As it enters its final phase, the 2016 election campaign looms unusually noxious. Smart employers should act now to stop the bile from overflowing into their workplace.
This op-ed by
TELG managing principal R. Scott Oswald was published by Washington Business Journal on September 29, 2016. The full article is available at Washington Business Journal.
Guest Comment: How to make an election-free zone
Unless you work at a partisan organization, the best solution is to ban all political expression on company time. It’s time to declare your workplace as an election-free zone—Trump-free and Clinton-free. Without such a policy, employers risk at least three levels of damage:
• Lost productivity, as employees rile each other on issues unrelated to work.

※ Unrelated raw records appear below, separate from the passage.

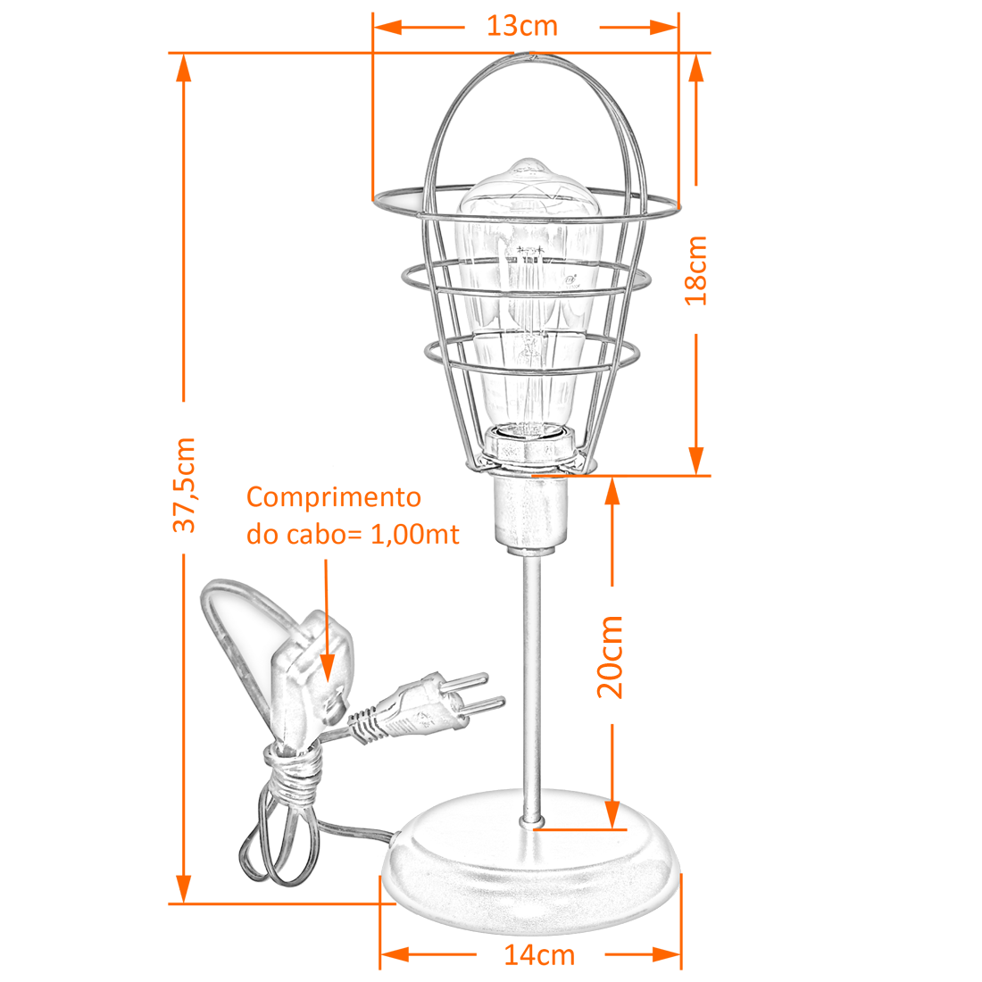 Abajur Classico Sem Aramado Preto Com Soquete Para Cupula
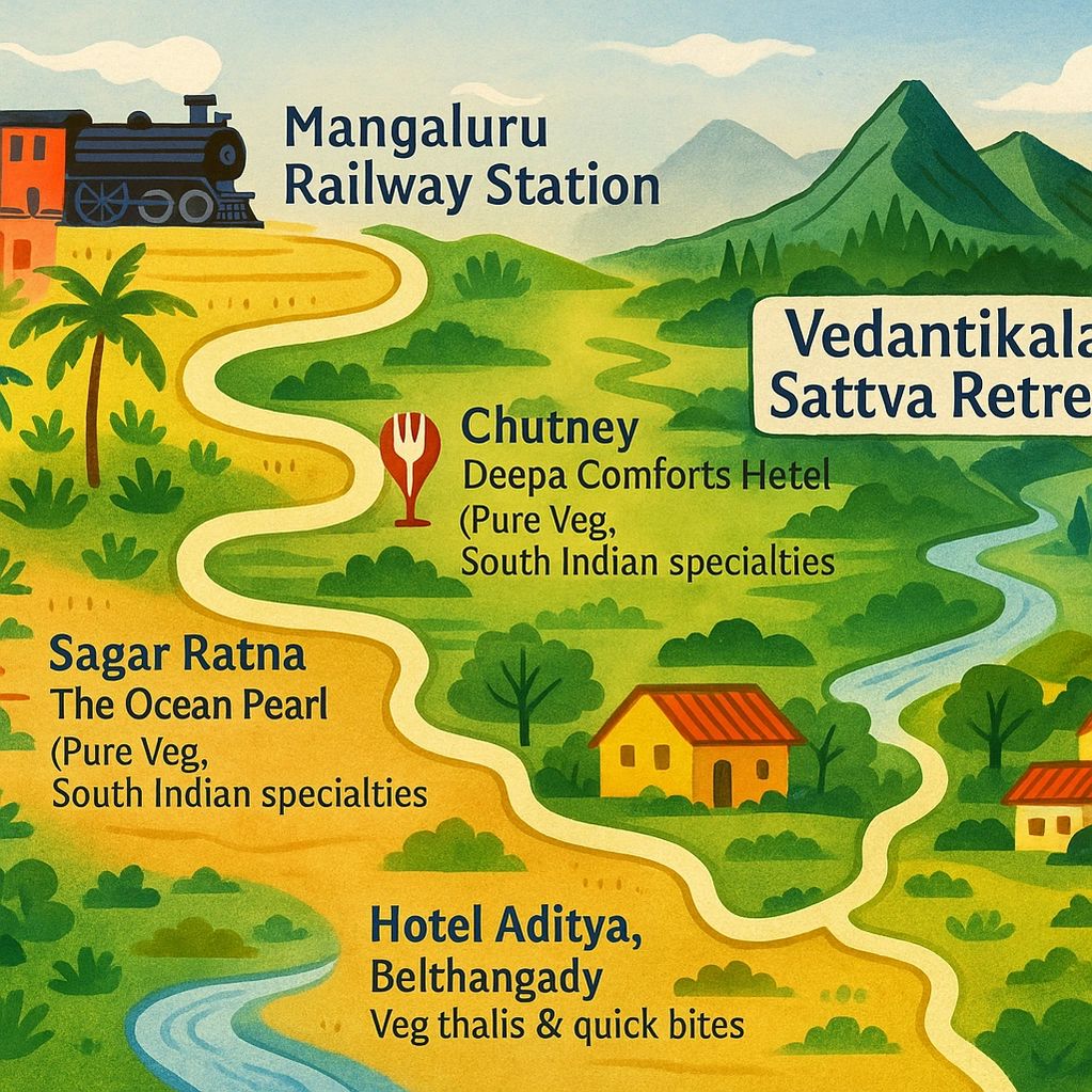 Route: Mangaluru Railway Station → Belthangady → Mudigere → Chikmagaluru → Vedantikala Sattva Retreat
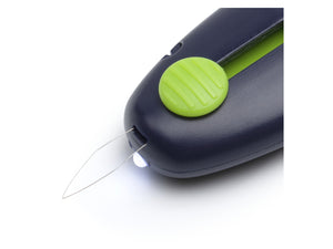 Der LED Nadeleinfädler aus pflaumenblauem Kunststoff ist die moderne Antwort auf den klassischen Nadeleinfädler – diese Einfädelhilfe bringt den Fadenschneider und die Beleuchtung direkt mit. Auf der oberen Seite des mausförmigen Gehäuses befindet sich der Schieber, mit dem die Schlinge aus feinem Federstahl heraus- und hereingeschoben werden kann. In geöffneter Position beleuchtet ein LED-Lämpchen Nadel, Faden und Einfädler. An der...

Senior staff may need to referee, which will waste further time and may cause lasting bitterness.
• Employee departures, in cases where a clash cannot be resolved.
• Employee lawsuits, as co-workers spout rhetoric that may be a “new normal” for presidential candidates but likely still counts as discrimination at work, even if it’s couched in political terms.
I’m not being partisan here, nor self-serving: As an employment attorney I represent individuals, not companies, so I don’t get paid to draft workplace rules. But the 2016 election already has divided our nation, and I believe that employers can help the situation — and themselves — by demanding civility during the workweek.
Is it lawful to ban partisan chatter at work? In most circumstances, yes — even in jurisdictions like D.C., which forbids discrimination on the basis of political affiliation, a completely neutral blanket policy should raise no concerns.